→ **What needs to be done**
What is needed is the exact text of each line in the listing below from the one with "小马宝莉联名年衣童装旗袍连衣裙冬季新款女童小马宝莉新年刺绣旗袍" up to and including the one with "AVERY 937306 LABEL", and no pictures.

→ **Data for the task**
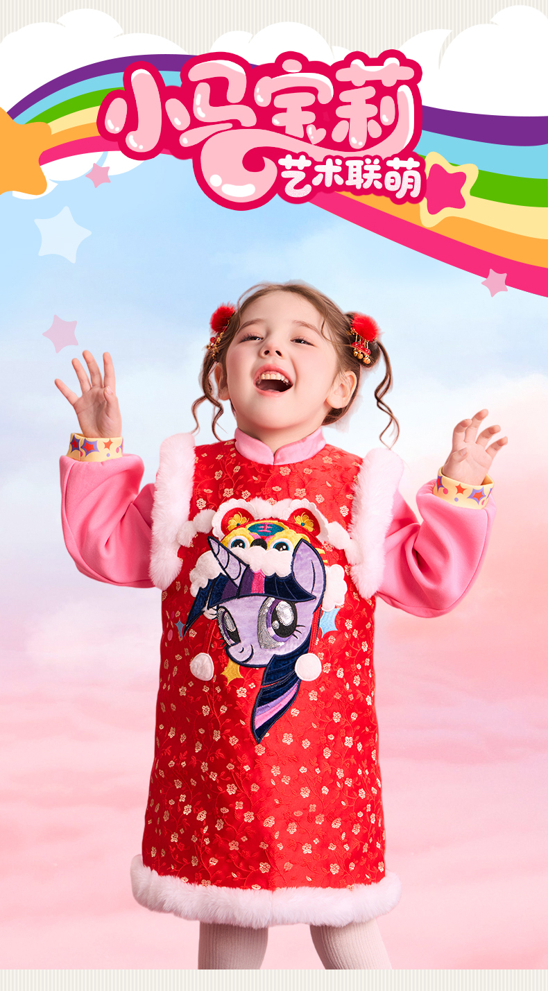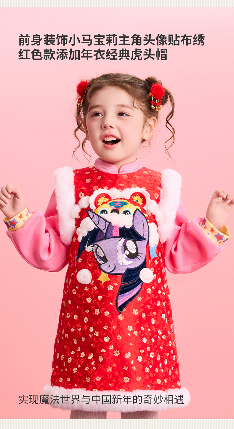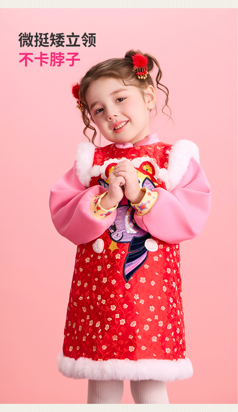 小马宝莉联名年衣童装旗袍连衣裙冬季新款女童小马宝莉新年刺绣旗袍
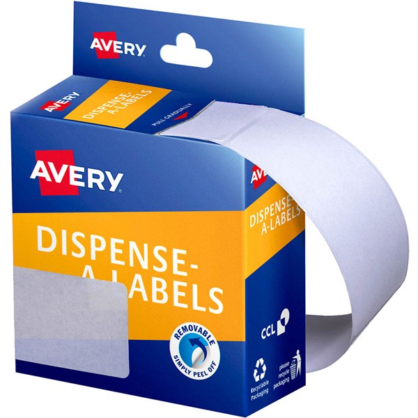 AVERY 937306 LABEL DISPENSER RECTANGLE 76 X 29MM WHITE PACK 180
* * *
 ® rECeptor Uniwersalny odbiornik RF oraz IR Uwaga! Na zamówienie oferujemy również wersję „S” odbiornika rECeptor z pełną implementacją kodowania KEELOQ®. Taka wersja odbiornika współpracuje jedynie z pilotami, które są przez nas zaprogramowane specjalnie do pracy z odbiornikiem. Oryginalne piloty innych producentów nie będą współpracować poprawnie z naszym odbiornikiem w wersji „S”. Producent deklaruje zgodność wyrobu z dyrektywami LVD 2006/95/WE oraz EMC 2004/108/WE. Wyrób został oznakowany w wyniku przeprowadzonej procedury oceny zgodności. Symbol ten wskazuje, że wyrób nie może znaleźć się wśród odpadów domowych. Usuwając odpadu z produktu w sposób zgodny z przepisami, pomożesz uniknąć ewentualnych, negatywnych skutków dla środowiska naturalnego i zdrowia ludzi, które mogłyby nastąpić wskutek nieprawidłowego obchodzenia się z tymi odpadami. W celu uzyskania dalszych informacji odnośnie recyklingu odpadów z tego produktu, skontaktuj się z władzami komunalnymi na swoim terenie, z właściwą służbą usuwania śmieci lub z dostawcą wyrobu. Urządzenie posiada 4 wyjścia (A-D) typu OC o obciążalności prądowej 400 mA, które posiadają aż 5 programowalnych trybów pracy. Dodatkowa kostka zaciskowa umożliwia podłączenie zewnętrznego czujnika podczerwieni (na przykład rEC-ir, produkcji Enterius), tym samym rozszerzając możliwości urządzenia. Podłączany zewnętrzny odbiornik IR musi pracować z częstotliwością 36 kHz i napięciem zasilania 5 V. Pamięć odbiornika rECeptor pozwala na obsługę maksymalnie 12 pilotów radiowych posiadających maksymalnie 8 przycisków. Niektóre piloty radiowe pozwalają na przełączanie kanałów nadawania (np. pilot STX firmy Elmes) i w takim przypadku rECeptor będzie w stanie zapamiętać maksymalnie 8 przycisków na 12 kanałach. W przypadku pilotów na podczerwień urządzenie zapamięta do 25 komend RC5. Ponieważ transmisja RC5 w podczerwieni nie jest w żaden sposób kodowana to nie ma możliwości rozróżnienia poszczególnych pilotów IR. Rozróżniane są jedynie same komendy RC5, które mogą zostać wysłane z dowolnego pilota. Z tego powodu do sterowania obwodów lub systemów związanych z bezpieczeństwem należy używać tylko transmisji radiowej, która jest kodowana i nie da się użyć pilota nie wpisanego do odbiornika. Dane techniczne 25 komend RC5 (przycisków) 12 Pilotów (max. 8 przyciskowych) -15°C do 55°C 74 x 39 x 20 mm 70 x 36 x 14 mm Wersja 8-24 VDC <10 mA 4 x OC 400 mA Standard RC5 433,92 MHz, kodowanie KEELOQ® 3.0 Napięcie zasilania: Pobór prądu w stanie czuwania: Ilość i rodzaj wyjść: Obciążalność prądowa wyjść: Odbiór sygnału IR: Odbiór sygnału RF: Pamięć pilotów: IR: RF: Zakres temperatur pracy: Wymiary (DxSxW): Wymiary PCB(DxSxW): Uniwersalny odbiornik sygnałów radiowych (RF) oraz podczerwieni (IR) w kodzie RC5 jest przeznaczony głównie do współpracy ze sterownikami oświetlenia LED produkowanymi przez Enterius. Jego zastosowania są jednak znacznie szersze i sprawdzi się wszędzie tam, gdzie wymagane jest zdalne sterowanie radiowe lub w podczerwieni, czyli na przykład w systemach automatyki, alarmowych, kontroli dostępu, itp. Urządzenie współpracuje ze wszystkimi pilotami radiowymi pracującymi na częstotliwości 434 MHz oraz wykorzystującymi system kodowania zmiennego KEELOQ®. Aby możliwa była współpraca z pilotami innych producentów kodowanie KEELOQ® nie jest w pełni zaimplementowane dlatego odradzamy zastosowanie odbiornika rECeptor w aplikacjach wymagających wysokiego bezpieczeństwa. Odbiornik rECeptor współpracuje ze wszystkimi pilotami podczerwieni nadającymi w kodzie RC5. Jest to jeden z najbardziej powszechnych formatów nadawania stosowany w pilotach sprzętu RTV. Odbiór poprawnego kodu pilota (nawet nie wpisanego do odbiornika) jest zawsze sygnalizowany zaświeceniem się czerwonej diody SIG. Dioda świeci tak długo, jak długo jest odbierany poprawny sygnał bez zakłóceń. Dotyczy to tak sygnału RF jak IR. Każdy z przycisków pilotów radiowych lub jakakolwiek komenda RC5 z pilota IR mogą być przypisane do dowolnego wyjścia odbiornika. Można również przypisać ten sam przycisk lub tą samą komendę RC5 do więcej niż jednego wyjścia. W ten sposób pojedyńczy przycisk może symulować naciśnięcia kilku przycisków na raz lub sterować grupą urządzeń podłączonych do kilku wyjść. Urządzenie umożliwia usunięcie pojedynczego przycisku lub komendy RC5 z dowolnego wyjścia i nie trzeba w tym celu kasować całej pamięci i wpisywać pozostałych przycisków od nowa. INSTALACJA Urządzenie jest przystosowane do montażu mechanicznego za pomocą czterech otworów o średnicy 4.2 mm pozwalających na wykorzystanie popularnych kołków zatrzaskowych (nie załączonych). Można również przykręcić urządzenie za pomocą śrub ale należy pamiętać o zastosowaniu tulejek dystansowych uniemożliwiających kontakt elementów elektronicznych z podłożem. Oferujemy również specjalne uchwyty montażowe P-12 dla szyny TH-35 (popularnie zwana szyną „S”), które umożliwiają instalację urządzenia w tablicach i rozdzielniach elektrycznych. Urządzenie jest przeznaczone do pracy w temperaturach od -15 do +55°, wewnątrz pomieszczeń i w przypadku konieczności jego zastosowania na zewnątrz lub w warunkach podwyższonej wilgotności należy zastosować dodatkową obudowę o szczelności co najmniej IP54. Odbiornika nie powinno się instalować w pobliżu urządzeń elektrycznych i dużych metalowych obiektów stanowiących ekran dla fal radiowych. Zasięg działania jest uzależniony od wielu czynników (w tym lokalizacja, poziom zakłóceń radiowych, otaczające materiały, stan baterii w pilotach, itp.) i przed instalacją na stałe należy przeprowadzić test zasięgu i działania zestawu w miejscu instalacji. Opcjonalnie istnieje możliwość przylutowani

→ **Result for this task**
 小马宝莉联名年衣童装旗袍连衣裙冬季新款女童小马宝莉新年刺绣旗袍
 AVERY 937306 LABEL DISPENSER RECTANGLE 76 X 29MM WHITE PACK 180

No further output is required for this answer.